Rector of Moscow Institute of Physics and Technology
- Incumbent
- Assumed office 15 February 2022
- Preceded by: Nikolay Kudryavtsev

Special representative of the president on trade and economic relations with Ukraine
- In office 19 August 2016 – 5 October 2018
- Preceded by: Mikhail Zurabov
- Succeeded by: Office disestablished

Minister of Education and Science
- In office 21 May 2012 – 19 August 2016
- Preceded by: Andrei Fursenko
- Succeeded by: Olga Vasilieva

Personal details
- Born: 15 February 1967 (age 58) Moscow, Soviet Union (now Russia)
- Profession: Physicist Doctor of Sciences in Physical and Mathematical Sciences

= Dmitry Livanov =

Russian politician

Dmitry Viktorovich Livanov (Дми́трий Ви́кторович Лива́нов, born February 15, 1967) is a Russian Doctor of Physics, professor, current rector of the Moscow Institute of Physics and Technology and former rector of Moscow Institute of Steel and Alloys, and the Minister of Education and Science of the Russian Federation from 2012 to 2016.
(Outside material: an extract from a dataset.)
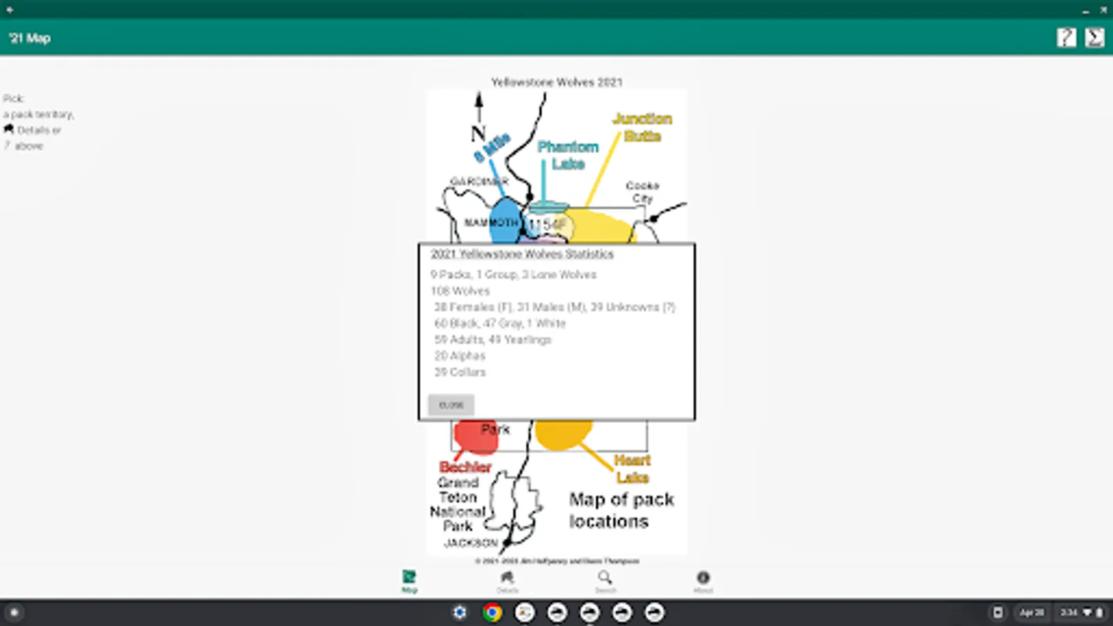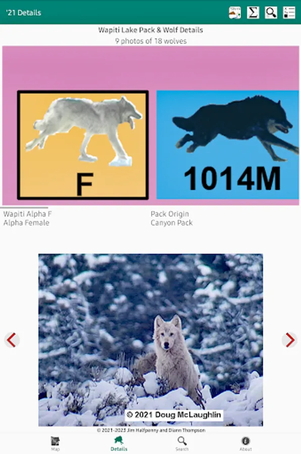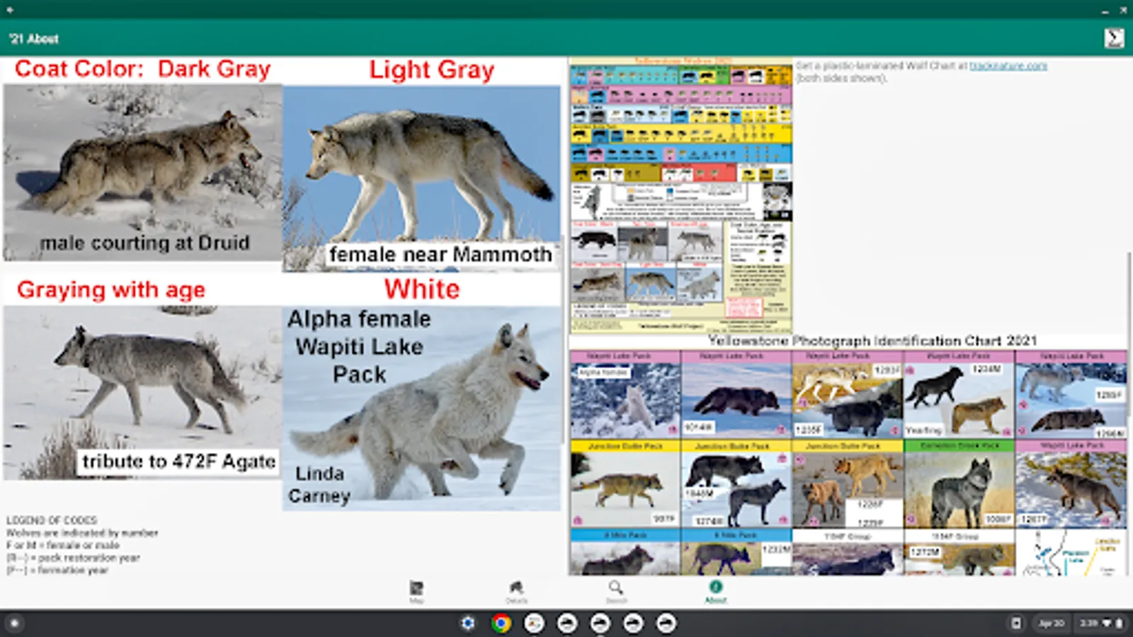 2021 is the 26th year since the reintroduction of Wolves into Yellowstone NP & it saw change, e.g., adding Packs, movement of wolves between Packs. The result of this change is reflected in the annual chart & companion app Yellowstone Wolves 2021. Version 1.1 adds support for large-screen devices (e.g., Chromebook) & keyboard support.

In 1990, he graduated with honors from the Physical Chemistry Department of the Moscow Institute of Steel and Alloys. In 1990-1992, he studied at the postgraduate in same institute, where he defended his thesis for the degree of Candidate of Physico-Mathematical Sciences on "Heat transfer interacting electrons in superconductors and normal metals". In 1992-2000, he worked in that institute as Research fellow and senior researcher, Laboratory synthesis, associate professor at the Department of Theoretical Physics.

In 2004-2005, he became director of the scientific-technical and innovation department of the Ministry of Education and Science. In 2005-2007, he was promoted to Deputy Minister of Education and Science. In 2007, he became rector of the Moscow Institute of Steel and Alloys and additional President of the Black Sea Universities Network. He held this position till 21 May 2012, when he was appointed Minister of Education and Science of the Russian Federation in Dmitry Medvedev's Cabinet.
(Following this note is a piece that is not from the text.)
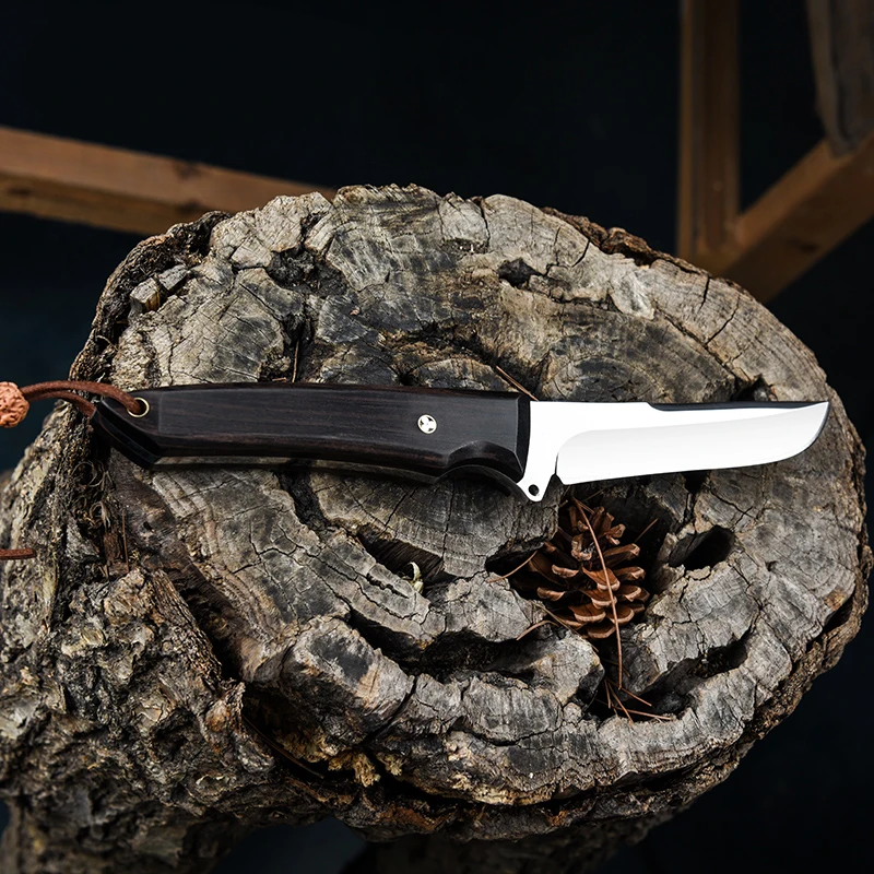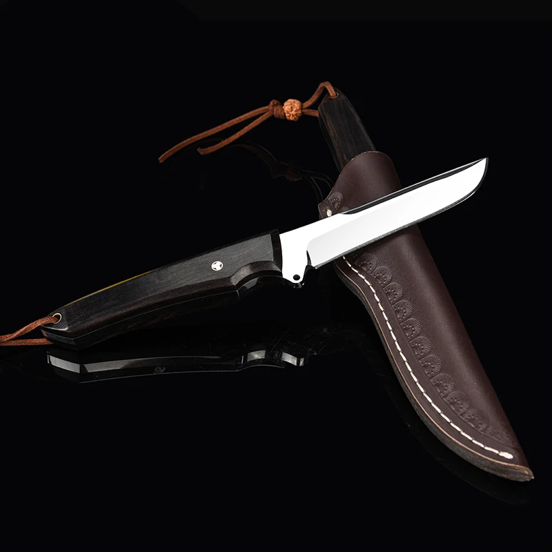 Product Name: CIMA nóż myśliwski survival, drzewo sandałowe rękojeść z drewna 9cr18mov stali nierdzewnej, skórzana osłona Super sharp lustro wykończenie

In 2013 he signed the reform that incorporated the Russian Academy of Medical Sciences and the Russian Academy of Agriculture Sciences into the Russian Academy of Sciences (RAS), subordinating it to the Federal Agency of Scientific Organizations (FASO), a government-controlled entity which realized a takeover of the RAS assets.

On 19 August 2016 Olga Yurievna Vasilieva replaced Livanov at the head of the Ministry of Education and he was appointed special representative of the president on trade and economic relations with Ukraine., but was removed from that position two years later.

Livanov was appointed rector of the Moscow Institute of Physics and Technology in 2021.